◆ **EXERCISE INSTRUCTIONS**
From the entries below, write out exactly the lines between the line holding "灑水車罐體在焊接工位上采用氣" and the line holding "1 Επιλογή: 2", inclusive, excluding any pictures.

◆ **SOURCE INFORMATION**
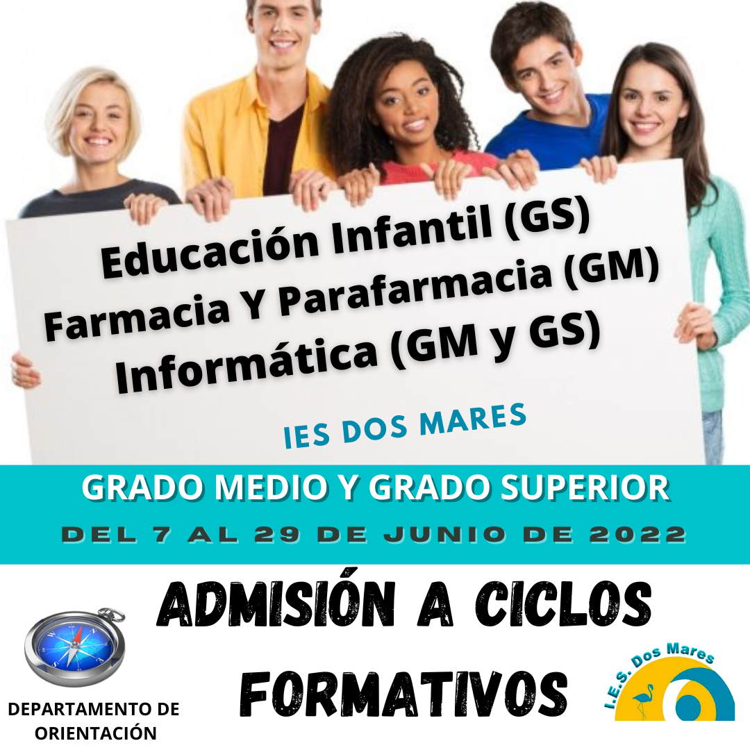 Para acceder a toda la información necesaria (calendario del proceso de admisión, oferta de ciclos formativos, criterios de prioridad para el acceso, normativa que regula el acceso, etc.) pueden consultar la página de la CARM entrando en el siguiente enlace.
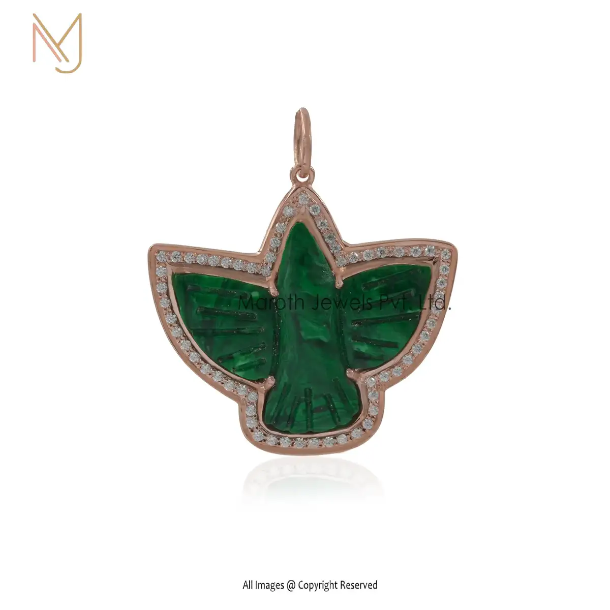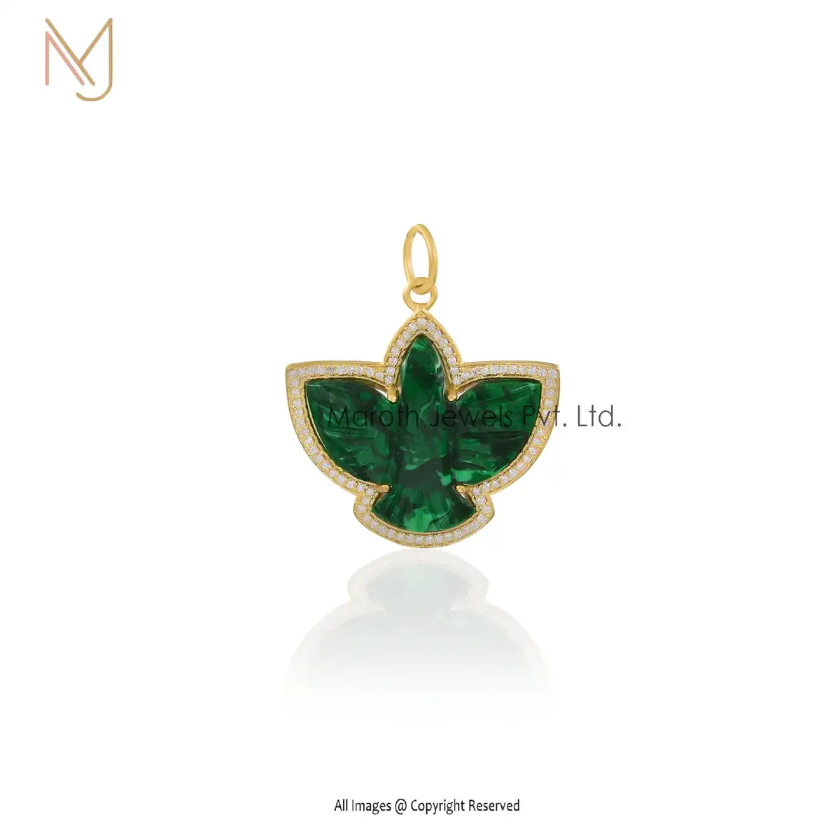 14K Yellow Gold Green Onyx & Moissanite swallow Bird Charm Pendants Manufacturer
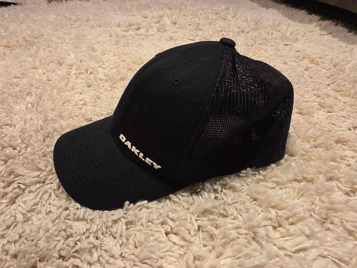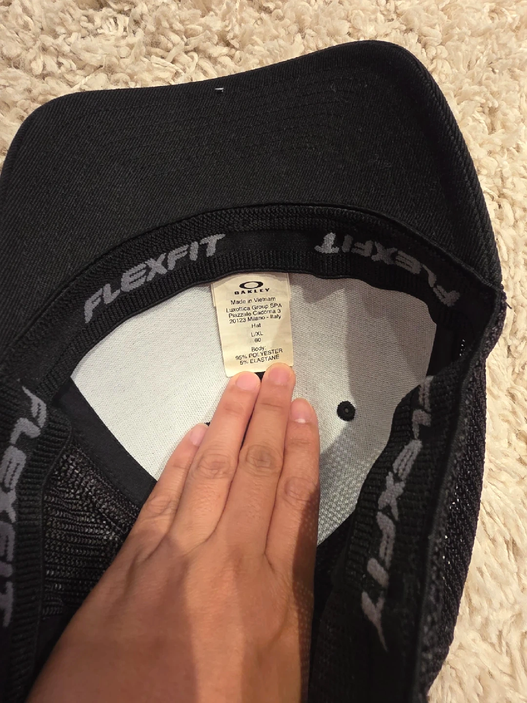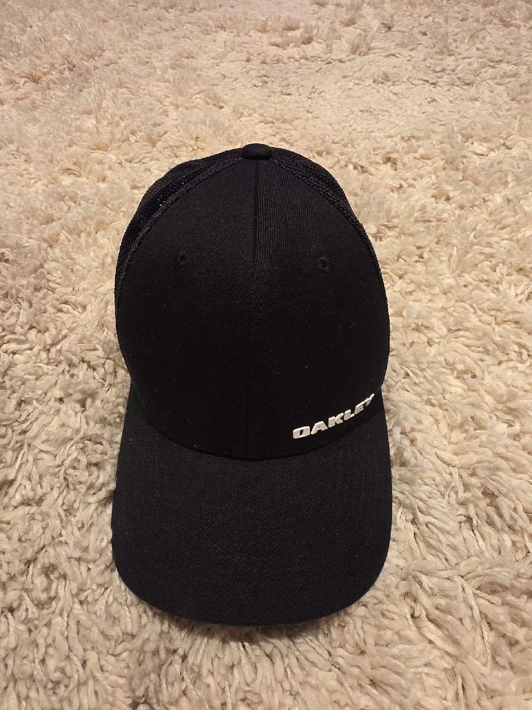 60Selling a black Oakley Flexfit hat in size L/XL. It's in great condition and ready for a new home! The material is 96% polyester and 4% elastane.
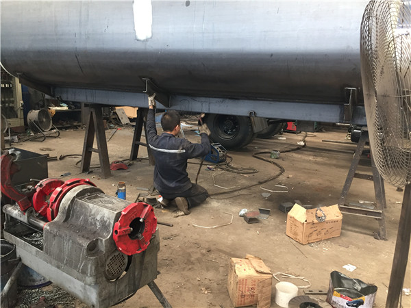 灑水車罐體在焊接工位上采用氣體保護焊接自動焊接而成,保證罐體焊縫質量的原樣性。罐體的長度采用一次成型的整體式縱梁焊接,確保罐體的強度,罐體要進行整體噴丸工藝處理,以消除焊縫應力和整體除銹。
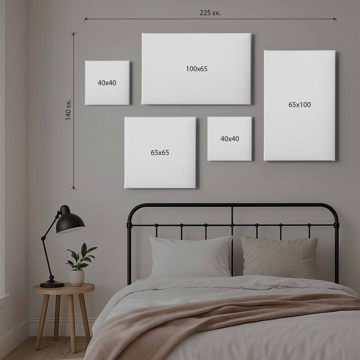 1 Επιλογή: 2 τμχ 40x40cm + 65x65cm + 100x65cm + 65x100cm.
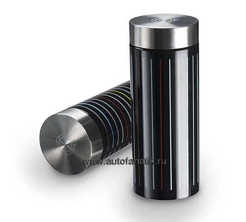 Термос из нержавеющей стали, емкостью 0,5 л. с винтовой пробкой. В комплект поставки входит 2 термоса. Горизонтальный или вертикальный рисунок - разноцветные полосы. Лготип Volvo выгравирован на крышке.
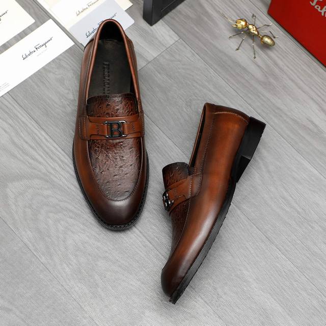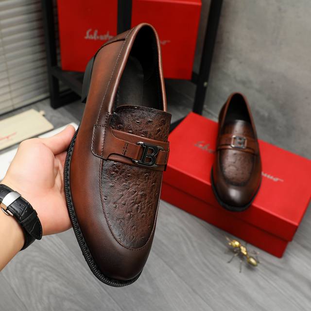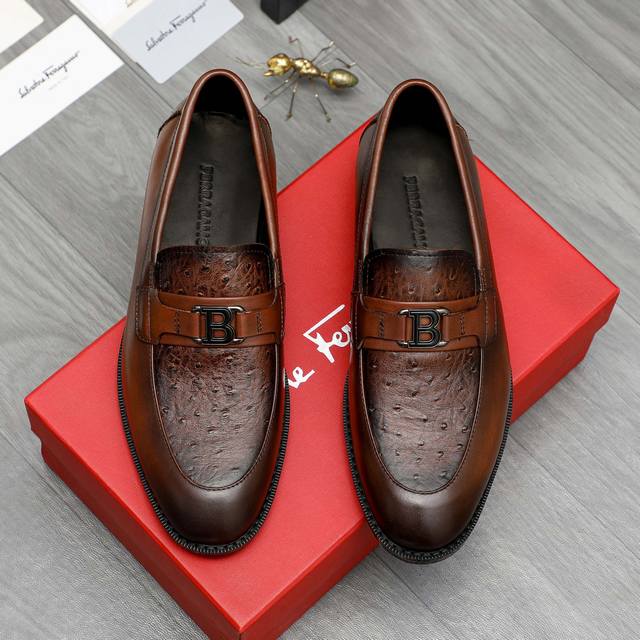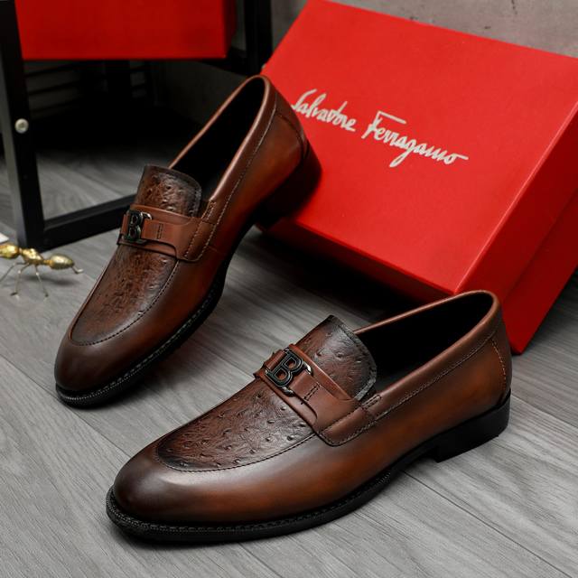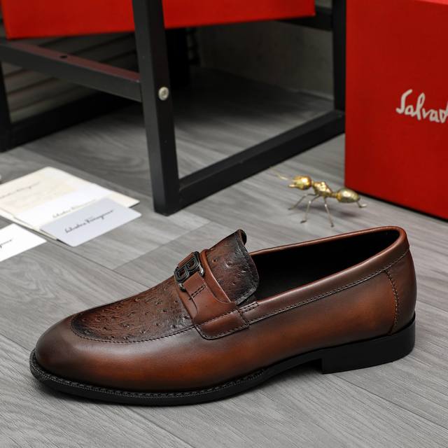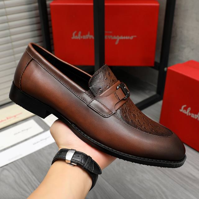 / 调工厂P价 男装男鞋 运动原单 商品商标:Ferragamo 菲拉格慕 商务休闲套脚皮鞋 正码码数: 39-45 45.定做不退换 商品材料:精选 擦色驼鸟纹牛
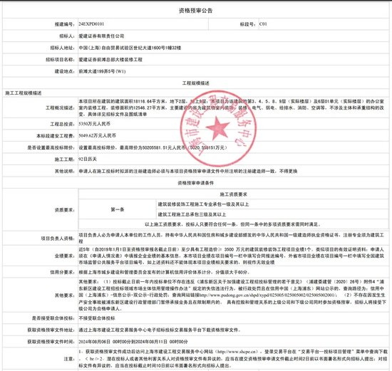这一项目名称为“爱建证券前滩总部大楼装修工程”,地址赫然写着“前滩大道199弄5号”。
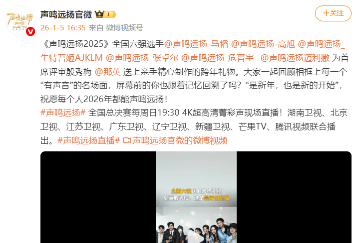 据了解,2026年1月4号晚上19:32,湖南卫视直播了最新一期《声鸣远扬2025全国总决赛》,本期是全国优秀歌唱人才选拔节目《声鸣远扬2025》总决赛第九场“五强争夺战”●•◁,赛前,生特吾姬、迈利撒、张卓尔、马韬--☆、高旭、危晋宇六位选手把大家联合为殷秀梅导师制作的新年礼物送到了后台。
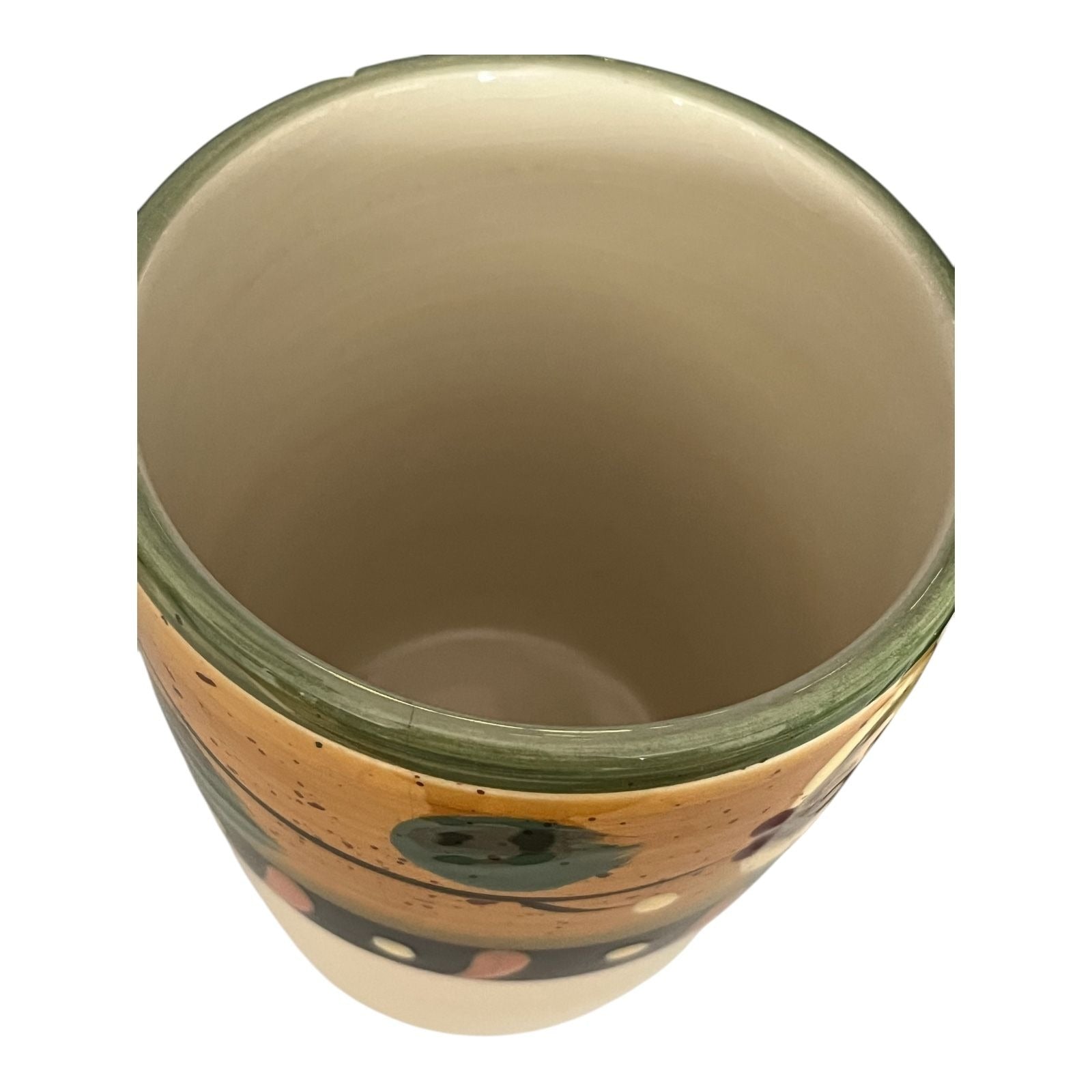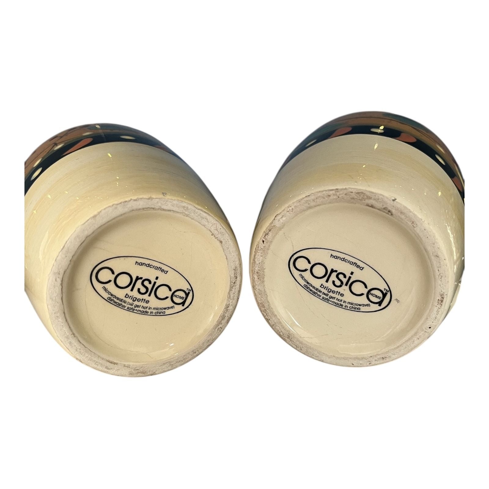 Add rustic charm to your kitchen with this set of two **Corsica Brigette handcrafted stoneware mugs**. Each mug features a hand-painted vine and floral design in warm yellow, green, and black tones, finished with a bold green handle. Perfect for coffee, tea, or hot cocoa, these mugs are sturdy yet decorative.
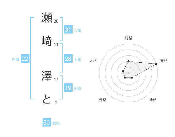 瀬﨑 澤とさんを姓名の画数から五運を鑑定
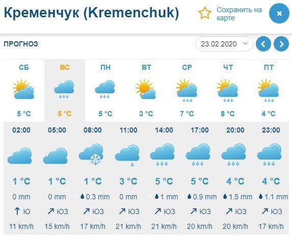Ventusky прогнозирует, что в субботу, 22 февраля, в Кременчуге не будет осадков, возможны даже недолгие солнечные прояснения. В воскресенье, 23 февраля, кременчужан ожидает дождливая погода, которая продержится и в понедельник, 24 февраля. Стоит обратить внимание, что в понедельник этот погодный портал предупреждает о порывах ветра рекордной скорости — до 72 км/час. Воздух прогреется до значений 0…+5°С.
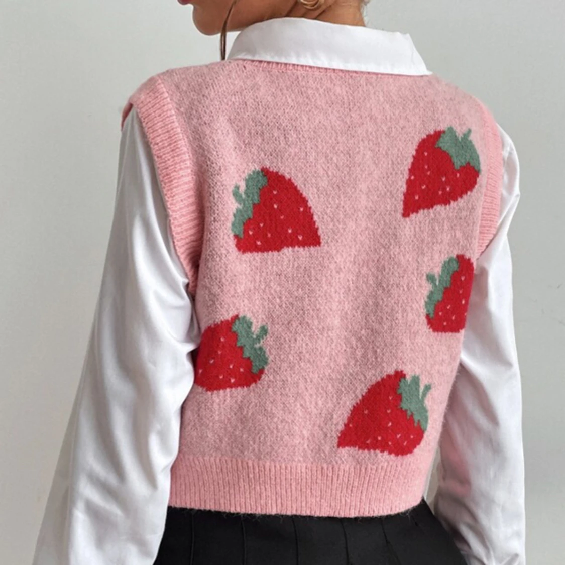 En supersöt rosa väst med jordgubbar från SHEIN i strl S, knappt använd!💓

◆ **RESULT FOR THIS TASK**
 灑水車罐體在焊接工位上采用氣體保護焊接自動焊接而成,保證罐體焊縫質量的原樣性。罐體的長度采用一次成型的整體式縱梁焊接,確保罐體的強度,罐體要進行整體噴丸工藝處理,以消除焊縫應力和整體除銹。
 1 Επιλογή: 2 τμχ 40x40cm + 65x65cm + 100x65cm + 65x100cm.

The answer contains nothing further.